Lompat ke konten Lompat ke sidebar Lompat ke footer

Widget HTML #1

Rusiyati, Tapol dan Pengasingan (1)


Pengantar : Inilah wawancara yang dilakukan oleh Kerry Brogan di Belanda, 15 dan 16 November 1998, ketika Rusiyati berusia 76 tahun. Hasil wawancaranya disunting oleh Mira. Judul di atas adalah judul dari pemilik blog ini.

LAHIR tahun 1922, Rusiyati adalah salah satu bekas Tahanan Politik yang pernah bekerja sebagai wartawan sejak tahun 1954 di Lembaga Kantor Berita Nasional (LKBN), The National News Agency Antara, Jakarta. Ketika terjadi peristiwa G-30-S tahun 1965, beliau ditangkap dari tempat kerjanya dan dipenjara selama 13 tahun tanpa proses pengadilan.

Sejak saat itu, Ibu Rusiyati dipisahkan dari enam anaknya, di mana anak tertua, perempuan, baru berusia 15 tahun dan anak bungsunya berumur 5 bulan. Di waktu yang sama, suaminya sedang berada di China dalam rangka kunjungan resmi menghadiri ulang tahun kemerdekaan Republik Rakyat China.

Kunjungannya di China mewakili ‘Generasi Angkatan 1945' dari delegasi Indonesia, yang dipimpin oleh ketua MPRS Chaerul Saleh (Majelis Permusyawaratan Rakyat Sementara). Sejak saat itu suaminya tidak dapat kembali ke Tanah Air, di pengasingan sampai akhir hidupnya dala usia 67 tahun (1986).

Rusiyati ditangkap oleh militer pada hari jum’at, tanggal 15 oktober 1965, di Kantor Pusat Berita Antara. Waktu itu 1 Oktober 1965 siang hari, kantor Antara dan beberapa kantor berita harian ibukota lainnya sudah kena pelarangan terbit oleh Kodam V Jaya.

Sedangkan buletin Antara terbitan siang hari ketika itu sudah memuat berita mengenai Gestok (Gerakan Satu Oktober). Buletin Antara merupakan sumber berita nasional di Indonesia yang terbit dua kali sehari, yaitu pagi dan siang hari.

Malam, 1 Oktober 1965, muncul pelarangan terbit untuk semua koran harian yang terbit di ibukota, kecuali koran Angkatan Bersenjata dan Berita Yudha yang memang diterbitkan militer. Harian Kompas misalnya, telah siap cetak malam itu, terpaksa membatalkan penerbitan dan baru boleh muncul kembali 6 Oktober 1965.

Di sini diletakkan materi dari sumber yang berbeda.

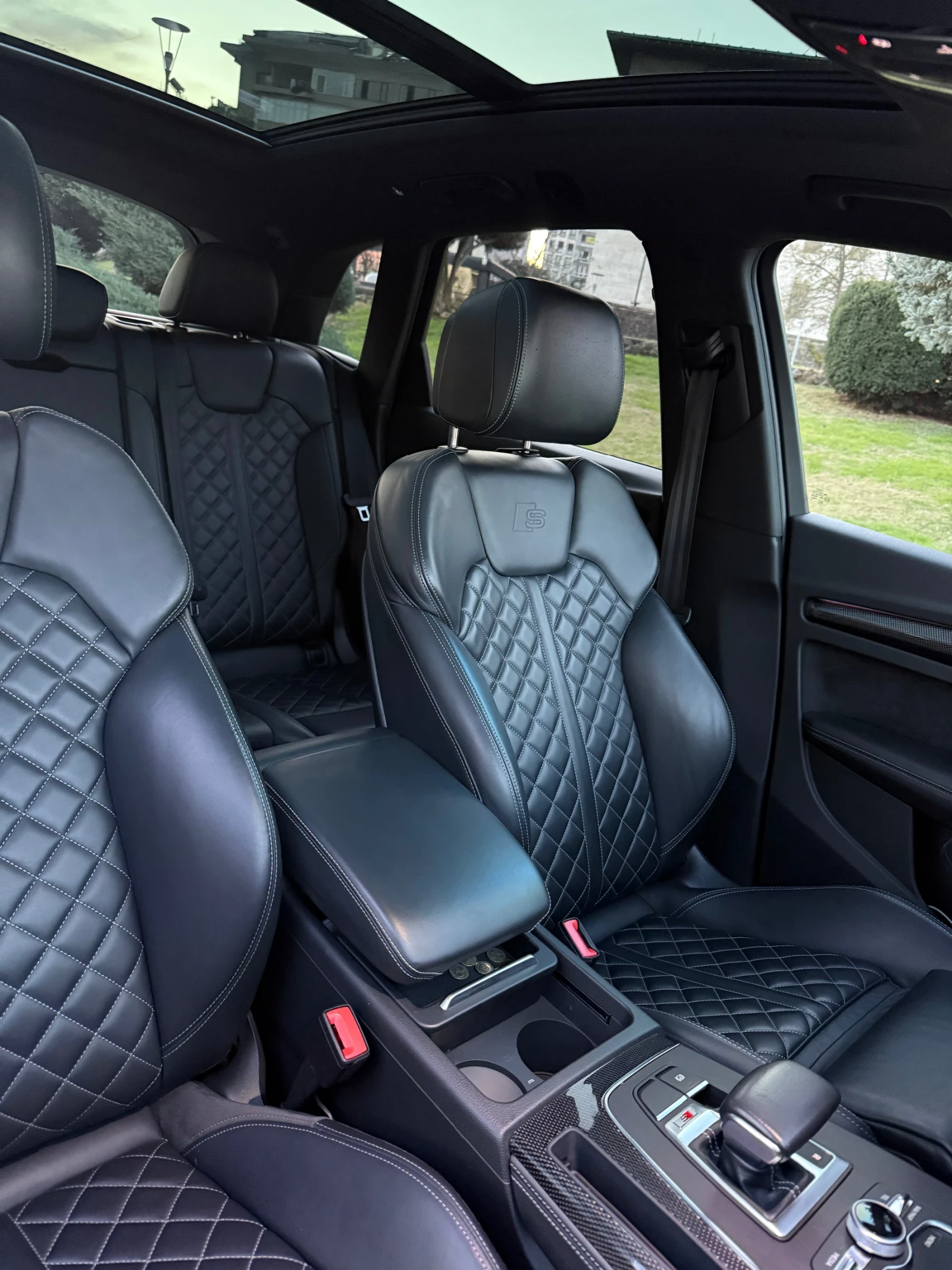 Личен автомобил, втори собственик, обслужван на всеки 15хил км. Току що сменено масло и филтри. Чисто нови зимни и летни гуми. Два комплекта стелки - зимни и летни. До 90. 000км колата е обслужвана в официалния сервиз на Ауди, а после в Лазурит. Платено пълно каско до март 2026г и гражданска до март 2026г. Адаптивно окачване, регулиране на височината с 5 степени/височини. Автомобилът е със спортна изпускателна система Milltek, с възможност за поставяне обратно на оригиналната. Поставено защитно фолио(PPF) на фаровете. UV - защитно фолио Llumar на челното стъкло и предните прозорци със сертификат. Оборудване: Задвижване на всички колела (quattro) S-Audi Exclusive алуминиеви джанти 21 цола S спортни седалки S спортен кожен волан S-стъпки навън S прагове 8-степенна автоматична скоростна кутия Tiptronic Комфортен автоматичен климатроник 3-зонен автоматичен климатроник и отзад Кожен салон Audi Exclusive в черен цвят с щамповане S Интериорни елементи от кожа Централна конзола LED фарове Електрически панорамен шибедах/стъклен покрив Audi Virtual Cockpit (Напълно цифров инструментален клъстер) Адаптивно въздушно окачване 360 градусова камера (околни камери) Озвучителна система Bang and Olufsen Електрическа задна врата, отваряне и затваряне Амбиентно осветление Audi Drive Select Пакет памет Адаптивен круиз контрол с функция Stop and Go (ACC) Audi Active Lane Assist (асистент за поддържане на лентата) Audi Side Assist (асистент за смяна на лентата) Асистент за пътни знаци Асистент при задръстване Асистент за дълги светлини Асистент за ефективност Помощник при стартиране Асистент за спускане по наклон Помощен пакетен тур Градски пакет помощ Отопление на седалките на водача и предния пътник Отопление на седалките на задната седалка отляво и отдясно Контрол на разстоянието при паркиране (PDC) Сензори за паркиране отпред и отзад Мултифункционален / спортен кожен волан в дизайн с 3 спици с функция за превключване Подгряване на волана Keyless-Go (удобен достъп) Функция ECO start stop Бутон за стартиране и спиране на двигателя Автоматична светлина Функция Coming Home / Leaving Home Сензор за дъжд Речева диалогова система Бордови компютър Виртуален кокпит Цифрово радио приемане (DAB) Интерфейс за смартфон Audi Audi Connect Декоративни инкрустации от карбон Тапицерия от черен плат Релси на покрива Затъмнени задни стъкла Климатичен комфорт/топлина/акустичен стъклопакет Комфортен ключ Audi Pre Sense City Спойлер на покрива Педали и поставка за крачета от неръждаема стомана Корпус на външното огледало в карбонов вид Електрически стъклоповдигач за предно и задно Електрически регулируеми външни огледала, сгъваеми и отопляеми Електрически регулируеми седалки с памет Електрически регулируеми лумбални опори Електрическа ръчна спирачка Електрическа ключалка за безопасност на децата Електрически блокаж на диференциала (EDS) Електрически регулируем волан, вътрешни и външни огледала с автоматично затъмняване LED дневни светлини LED динамични индикатори LED задни светлини USB MP3 SD CD DVD Bluetooth Audi Connect спешно повикване Музикален интерфейс на Audi AUX IN Адаптер за контакт 12 V за Apple устройства с Lightning контакт Контрол на сцеплението Контрол на налягането в гумите Въздушни възглавници Централен подлакътник отпред и отзад Закрепване за детска седалка (Isofix) Капак на товарното отделение

Surat Perintah Pangdam VI/Jaya (No. 01/Drt/10/1965) yang dikeluarkan oleh Mayjen Umar Wirahadikusumah berbunyi, ”Dalam rangka mengamankan pemberitaan yang simpang siur mengenai peristiwa pengkhianatan oleh apa yang dinamakan Komando Gerakan 30 September/Dewan Revolusi, perlu adanya tindakan-tindakan penguasaan terhadap media-media pemberitaan”.

Surat perintah itu ditujukan kepada Panglima Daerah Kepolisian VII/Jaya untuk 1) Segera menguasai semua perusahaan percetakan, 2) Melarang setiap penerbitan jang berupa apa pun tanpa izin Pepelrada Jaja c.q. Pangdak VII/Jaya, 3) Khusus terhadap percetakan ”Berita Yudha” yang terletak di Gang Gelap Kota dan Percetakan Harian ”Angkatan Bersenjata” di Petojo supaja diadakan pengamanan physik (pos penjagaan) untuk dapatnya percetakan tersebut berjalan lancar.”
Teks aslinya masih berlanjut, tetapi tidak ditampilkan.